– Продолжай.
– Я дал ей деньги, чтобы она сняла небольшую квартиру. Там и родился этот ребенок. Я солгал, сказав, что она умерла при родах, она умерла позднее.
– Кто ухаживал за ней на первых порах?
– Одна женщина.
– Что за женщина?
– Из тех, что обслуживают такие квартиры.
– Ты хочешь сказать, что не в курсе этих дел?
– Ну как сказать…
– Ты оставил девушку и ребенка на попечение этой женщины?
– Нет… ребенок уже родился, когда я пришел.
– Зачем же ты явился?
– Что тут особенного?
– В обычных обстоятельствах – ничего.
– Итак, когда девушка сообщила тебе, что ждет ребенка, ты исчез… а потом?
– Я помог ей с квартирой и заплатил за год вперед!
– Но потом ты исчез на несколько месяцев и не появлялся, ты ведь решил вообще не возвращаться. И вдруг, когда ребенок уже родился, ты вернулся. Для чего?
– Я хотел еще раз ее увидеть… Узнать, как она… что с ребенком…
– Ты сам захотел к ней пойти?
– Что за вопрос?
– Я спрашиваю: ты сам захотел к ней пойти?
– Конечно… Она ведь не знала моего настоящего имени. Не знала, кто я такой и где живу.

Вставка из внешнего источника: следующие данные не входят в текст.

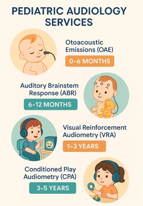 - Visual Reinforcement Audiometry (VRA): Conditions toddlers to turn toward sounds paired with visual rewards (6 months to 2.5 years).

Маркус и Пьер Сакс обменялись короткими взглядами, что не укрылось от Поля Рено.
– Ну что вы переглядываетесь! – разозлился он.
– Потому что мы считаем, что это ложь, – сказал Маркус.

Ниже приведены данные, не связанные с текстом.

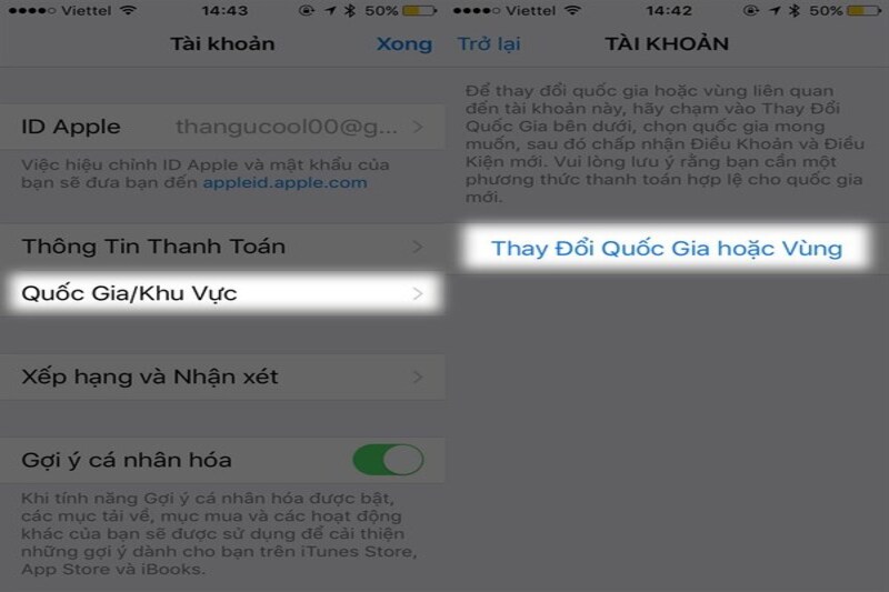 Để thực hiện điều này, hãy vào mục cài đặt của thiết bị và chọn quốc gia/vùng mong muốn chuyển đổi. Bạn cũng cần có một tài khoản Google hoặc Apple mới để sử dụng cho quốc gia/vùng mới này.

– Как она могла вызвать меня? Ведь она не знала…
– Об этом мы позднее поговорим, – перебил его Маркус.
– Что ты сказал тогда девушке?
– Я дал ей еще денег и пообещал устроить на работу. Мой знакомый директор Дома мод в Каннах как раз искал манекенщиц.
– Ей не приходила в голову мысль просить тебя жениться на ней?
– О…
– Она просила тебя об этом?
– Да.
– Что ты ей ответил?
– Это было мучительно, особенно после того как родился ребенок. Я ответил, что не могу на ней жениться. Я дам ей денег и помогу с работой, но жениться не могу.
– Ты тогда уже был знаком с Жаклин?
– Для чего ты это спрашиваешь? – вскипел Рено. – Я знал, я люблю ее, я и тогда уже ее любил. Я женился на ней вовсе не потому, что она была богата, принадлежала к знатному роду и являлась дочерью председателя нашей партии, поверь мне.
– Очень хорошо, – тихо сказал Маркус. – Что случилось после того, как ты сказал Марии-Терезе, что не женишься на ней?
Поль Рено тяжело вздохнул.
– Как я понимаю, ты уже все знаешь… Маркус ничего не ответил, и Поль Рено спросил:
– Ты требуешь, чтобы я сам сказал? Инспектор ждал.
– Она покончила жизнь самоубийством!
7
– Каким образом она это сделала? – спросил Маркус.
– Открыла газовый кран.
– А где в это время находился ребенок?
– У той самой женщины, в ее квартире. Он оставался у нее какое-то время, а потом она отдала его в сиротский дом.
– Родители девушки не захотели его оставить у себя?
– Я не знаю…
– И ты ни разу не возвращался туда после самоубийства?
– Нет… Я был потрясен… Ужасная история… Полагаю, теперь вы знаете все. Нет ли у вас сигареты?
– Это действительно все, Поль? – спросил Маркус.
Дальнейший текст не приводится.